What the task requires: Below are entries. Reproduce exactly the lines between the line holding "授業研究会の様子です。熟語の" and the line holding "Модульный диван из", inclusive, and only those.

Provided entries:
━━━━━━━━━━━━━━━━━━━━

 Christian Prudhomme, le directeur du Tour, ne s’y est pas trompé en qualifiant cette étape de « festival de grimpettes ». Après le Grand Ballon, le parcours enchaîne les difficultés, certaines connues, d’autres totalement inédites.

━━━━━━━━━━━━━━━━━━━━

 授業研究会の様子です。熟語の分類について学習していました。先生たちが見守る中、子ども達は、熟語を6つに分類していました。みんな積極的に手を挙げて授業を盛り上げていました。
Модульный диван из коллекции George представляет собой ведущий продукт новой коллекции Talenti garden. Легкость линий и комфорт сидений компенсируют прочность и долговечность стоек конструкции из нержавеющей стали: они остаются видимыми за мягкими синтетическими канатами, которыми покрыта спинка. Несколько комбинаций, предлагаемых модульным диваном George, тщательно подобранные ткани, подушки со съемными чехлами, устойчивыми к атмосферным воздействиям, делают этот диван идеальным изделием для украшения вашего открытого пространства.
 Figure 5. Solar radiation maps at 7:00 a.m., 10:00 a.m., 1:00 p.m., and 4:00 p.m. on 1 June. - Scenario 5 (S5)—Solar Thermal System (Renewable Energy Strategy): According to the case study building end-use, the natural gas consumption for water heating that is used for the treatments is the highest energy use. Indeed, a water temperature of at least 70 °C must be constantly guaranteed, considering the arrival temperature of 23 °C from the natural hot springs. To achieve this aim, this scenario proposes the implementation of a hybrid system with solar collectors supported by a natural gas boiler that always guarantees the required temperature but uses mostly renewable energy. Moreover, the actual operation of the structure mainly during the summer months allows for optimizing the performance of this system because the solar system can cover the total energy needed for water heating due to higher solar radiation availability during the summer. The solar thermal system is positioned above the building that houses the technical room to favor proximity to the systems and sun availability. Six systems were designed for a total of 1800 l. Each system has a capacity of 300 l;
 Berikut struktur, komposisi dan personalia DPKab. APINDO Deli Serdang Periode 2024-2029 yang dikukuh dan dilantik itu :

━━━━━━━━━━━━━━━━━━━━

Exercise solution:
 授業研究会の様子です。熟語の分類について学習していました。先生たちが見守る中、子ども達は、熟語を6つに分類していました。みんな積極的に手を挙げて授業を盛り上げていました。
Модульный диван из коллекции George представляет собой ведущий продукт новой коллекции Talenti garden. Легкость линий и комфорт сидений компенсируют прочность и долговечность стоек конструкции из нержавеющей стали: они остаются видимыми за мягкими синтетическими канатами, которыми покрыта спинка. Несколько комбинаций, предлагаемых модульным диваном George, тщательно подобранные ткани, подушки со съемными чехлами, устойчивыми к атмосферным воздействиям, делают этот диван идеальным изделием для украшения вашего открытого пространства.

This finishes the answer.